1. In aged mice, pharmacological inhibition of GPR35 (or microglial‑specific Gpr35 knockout) will reduce microglial senescence markers (p16^INK4a, SASP) and improve Aβ clearance despite unchanged PAA levels.
2. Administering a PAA‑degrading enzyme (e.g., phenylacetyl‑CoA ligase inhibitor) or PAA‑binding antibody will lower brain PAA, decrease microglial GPR35 activation, and rescue cognitive performance in aged APP/PS1 mice.

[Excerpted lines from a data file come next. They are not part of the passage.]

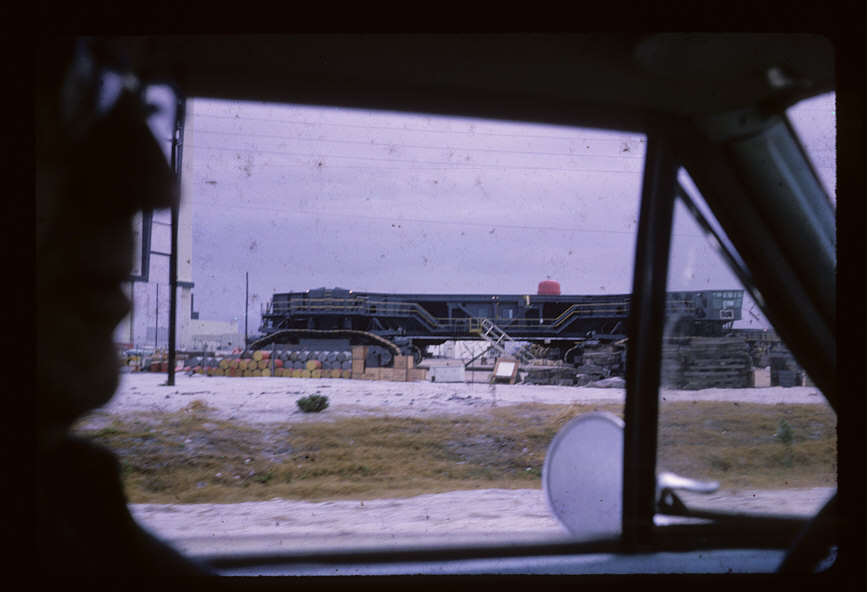A crawler-transporter, apparently complete. Looking closely, the side of the VAB is just visible on the left under my grandfather’s nose, and another crawler-transporter is visible just behind this one, next to the inclined edge of the window.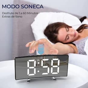 Relógio Despertado Mesa Cabeceira Digital Espelhado Curvado Cor: Branco
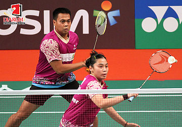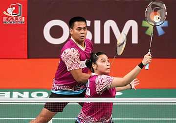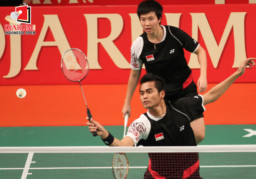 Pemain ganda campuran Indonesia, Markis Kido/Pia Zebadiah berusaha memukul kok ke arah pasangan Indonesia, Tontowi Ahmad/Liliyana Natsir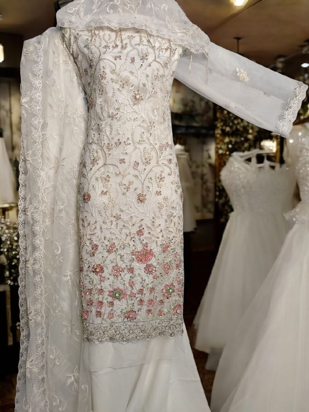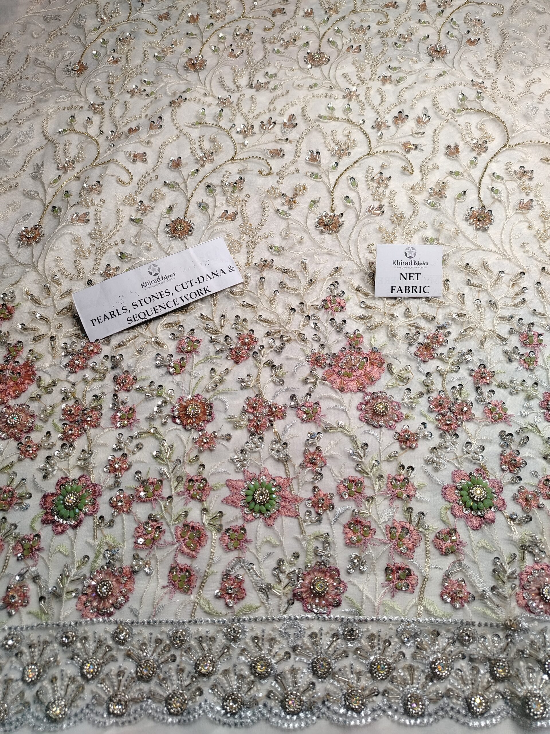 Khirad Heavily Embroidered and Hand work (Adda work) 3-piece Luxury Net Dress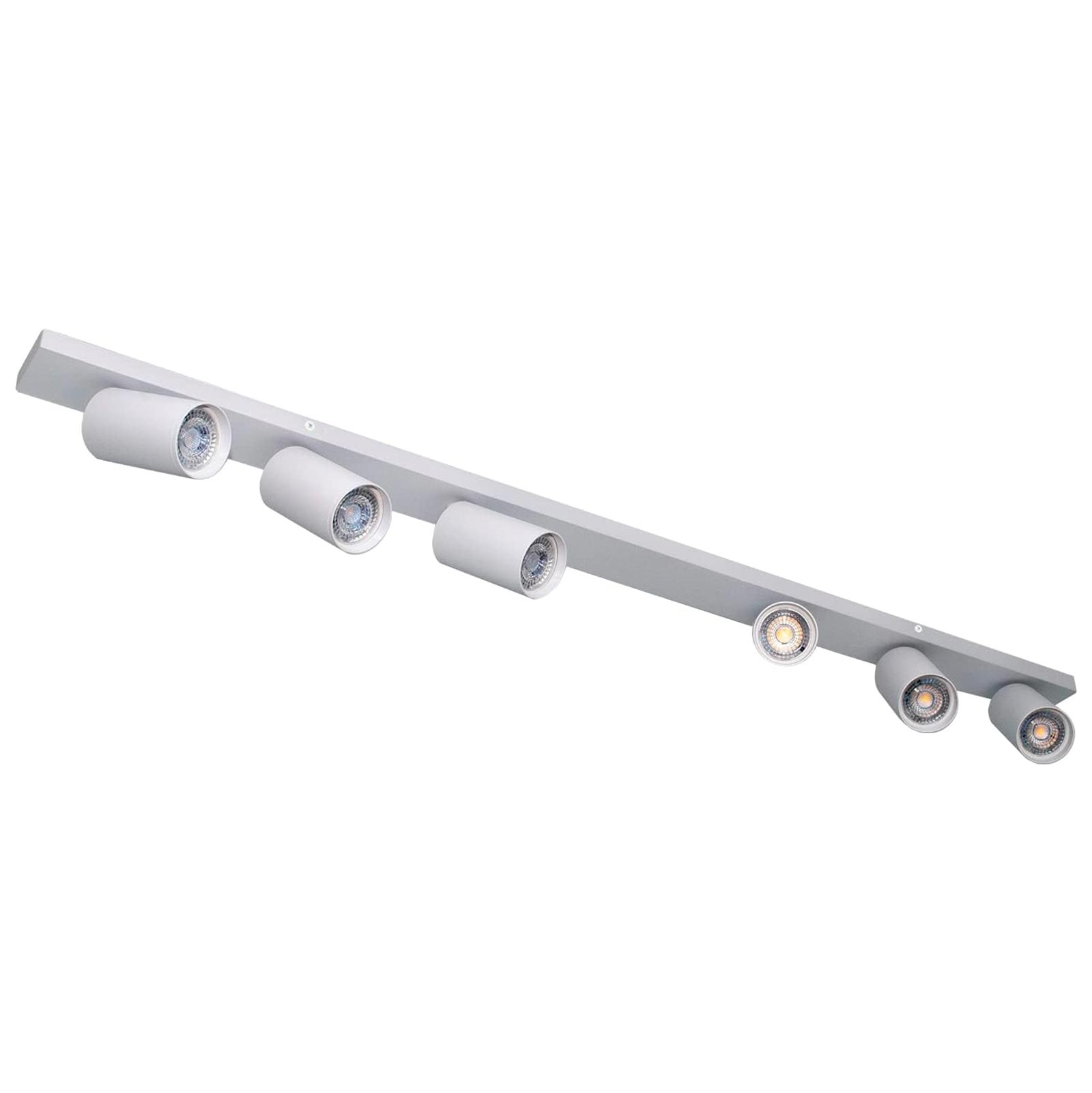 Plafoniera moderna realizzata in alluminio di forma rettangolare adatta per installazioni a soffitto o parete dotata di 6 faretti orientabili con lampada intercambiabile attacco GU10 ideale per l'illuminazione di ingressi, corridoi, cucine moderne, uffici, negozi, vetrine. Disponibile in 2 colori: bianco e nero per adattarsi meglio a tutti i tipi di arredamento.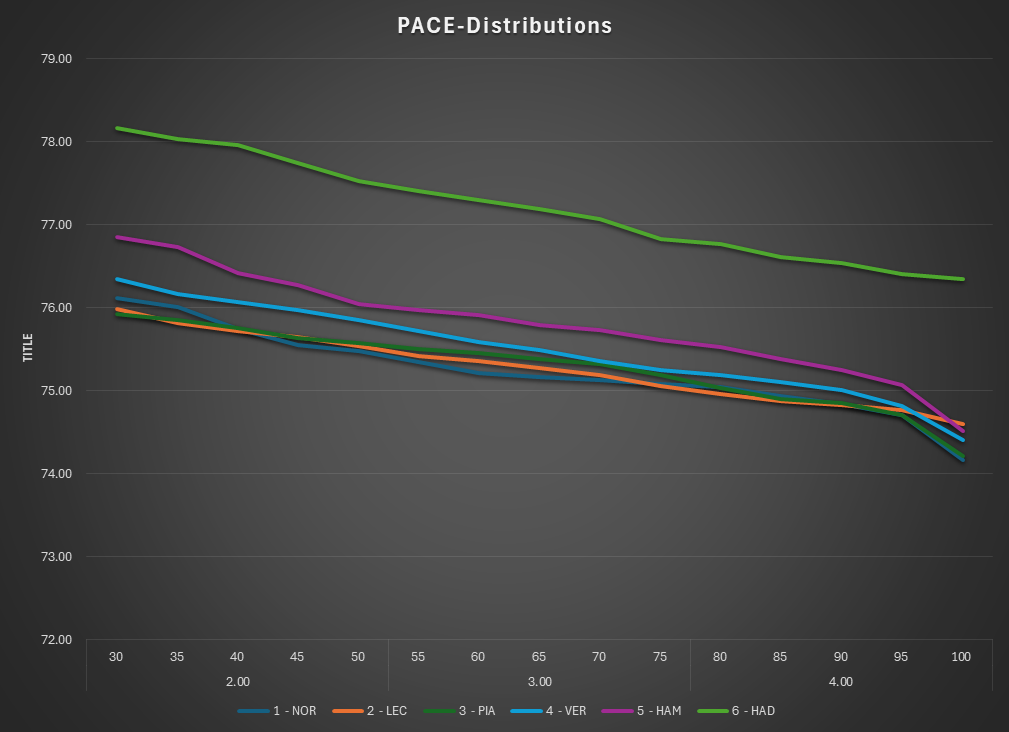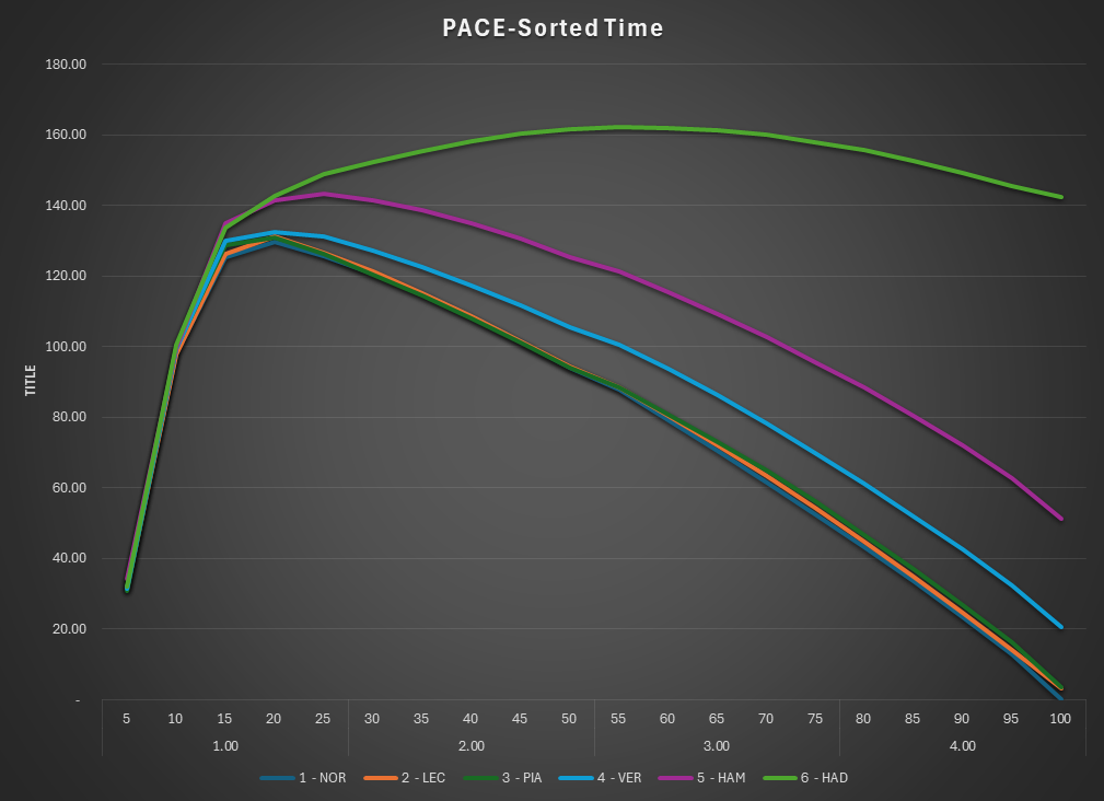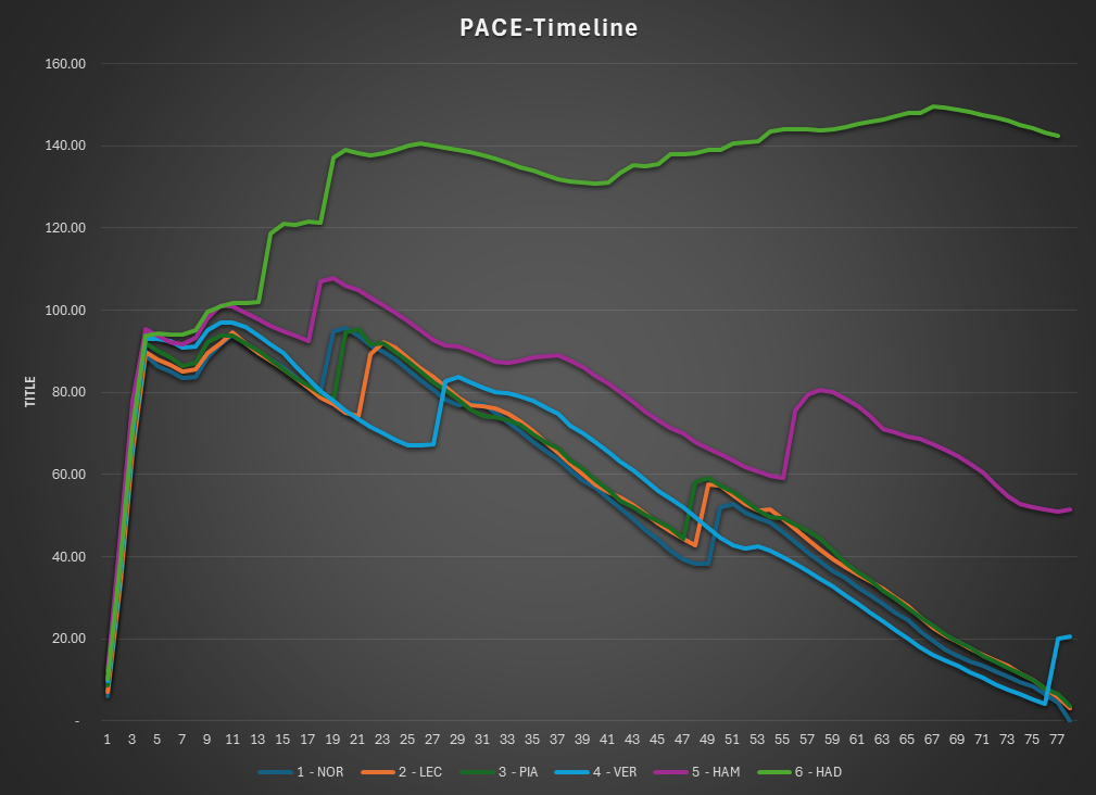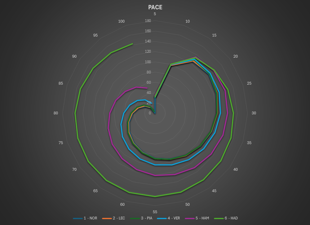 This is the Pace view of the race. The lap times are normalized to isolate tire and fuel use.

3. Humans with high plasma PAA will show elevated CSF markers of microglial senescence (e.g., sCD163, YKL‑40) and correlate with faster cortical thinning on MRI, independent of LPS or SCFA levels.

Potential Falsification

If GPR35 blockade does not alter microglial senescence or cognition in aged mice, or if PAA reduction fails to lower microglial activation, the hypothesis that PAA‑GPR35 signaling drives microglial senescence would be refuted, suggesting that PAA’s effects are limited to endothelial senescence or act via other cell types.